L'odyssée abracadabrante d'un chauffeur de taxi parisien ne fait pas partie de la rentrée littéraire. Il s'agit en fait d'une vieille histoire publiée en 1975 et que l'auteur a résumé à Jacques Chancel peu après à la télé. Comme le périple rocambolesque de François Suliny de Stalingrad à la Ville Lumière, à la fin de la dernière Guerre mondiale, a de quoi capter l'imagination des lecteurs les plus sceptiques entre nous, j'ai pensé que peut-être ce serait intéressant de le rappeler brièvement ici. Après tout il relate le parcours d'un homme simple avec à l'arrière-plan un épisode hautement important de notre histoire : le tournant décisif de la "conquête" nazie !

Lorsque j'avance le terme "homme simple" pour caractériser François Suliny, ce qui lui est arrivé n'est sûrement pas simple du tout.
Son père Leibisz était un relieur d'art qui inventa un système ingénieux de "fers à dorer", l'oeuvre de sa vie, que les Russes lui ont confisqué en 1939. Sa mère voulait que son aîné devienne toubib, mais le jeune abandonna ses études de médecine au bout d'un an, préférant gagner sa vie en jouant de la trompette dans les bals populaires.
Ses connaissances médicales lui valurent cependant, lors de l'invasion nazie en 1941, d'être nommé "feldcher" (aide-médecin) et promu lieutenant (sans entraînement aucun) dans l'armée rouge.

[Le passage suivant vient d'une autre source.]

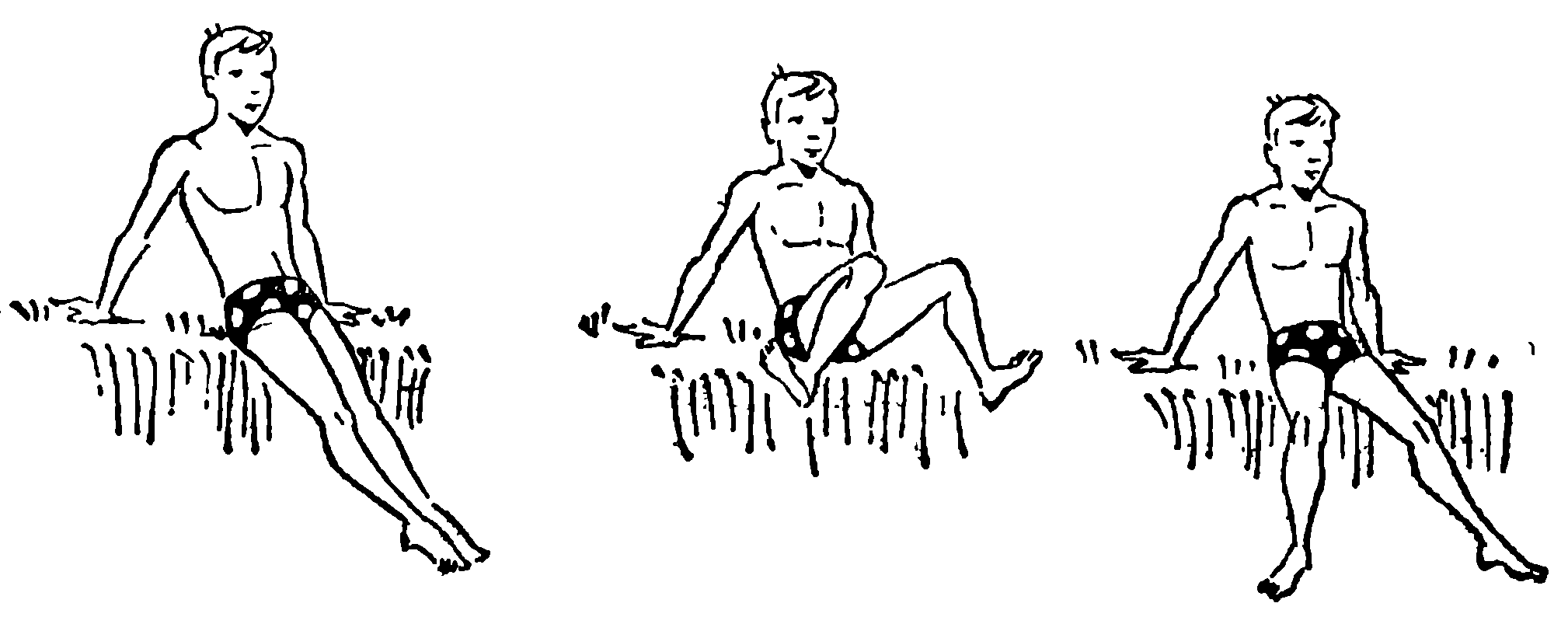 Однако прежде, чем приступить к изучению этих движений, освойте их на берегу (рис. 23), сидя на бугорке, скамейке), опираясь на вытянутые назад руки, лежа на животе (на узкой скамейке) или на спине (на бугорке). На «раз» подтяните ноги к животу, «два» выполните гребок, «три» возвратитесь в и. п. Повторите 20–25 раз.

Le récit d' Ephraïm Szuliwniuk (ou Froïm Choulivniouk), le nom de baptême de l'auteur en 1910 dans une famille juive polonaise de Rovno (l'actuelle Rivne en Ukraine), démarre le 17 septembre 1939 avec l'entrée des tanks soviétiques "libérateurs" dans sa ville qui "se fit d'une façon bonhomme, presque bucolique".
Le résultat du fameux Pacte germano-soviétique de non-agression du 23 août de la même année, signé par les ministres des affaires étrangères des 2 "nouveaux pays amis", Joachim von Ribbentrop et Viatcheslav Molotov, contenait quelques clauses secrètes : notamment le énième partage de sa patrie entre des puissances étrangères.
Et notre Ephraïm d'ajouter, non sans humour, le lendemain de leur arrivée les Russes collaient des affiches énormes tous les cent mètres dans les rues de sa ville natale avec des slogans édifiants "Mort au capitalisme", "Gloire au Grand Staline" etc. jusqu'à ce qu'un petit rigolo local suspendît son propre petit message : "Vous nous tendez la main, pour que nous sortions les pieds en avant !" Ce qui permettait le NKVD (l'ancêtre du KGB) d'entrer en action : des centaines de milliers d'éléments suspects furent déportés au Kazakhstan et même plus loin !

La chronique par l'auteur de l'impréparation complète de l'armée russe à l'envahisseur nazi est tout bonnement ahurissante. Grâce au génie de Staline, qui ne voulait pas croire les renseignements pourtant précis relatifs à cette invasion, l'opération Barbarossa, entraînèrent une panique et pagaille indescriptibles. Les ordres et contre-ordres peu logiques de Moscou ont fait qu'Ephraïm, de septembre 1939, son enrôlement dans l'armée, à la bataille de Stalingrad (avant Tsaritsyne, maintenant Volgograd) en juillet 1942, a parcouru un nombre de kilomètres invraisemblable, le plus souvent à pied d'ailleurs : de Rovno à Jitomir, Kharkhov, Kiev, Poltava, Armavir (dans le Caucase du Nord), Moscou etc.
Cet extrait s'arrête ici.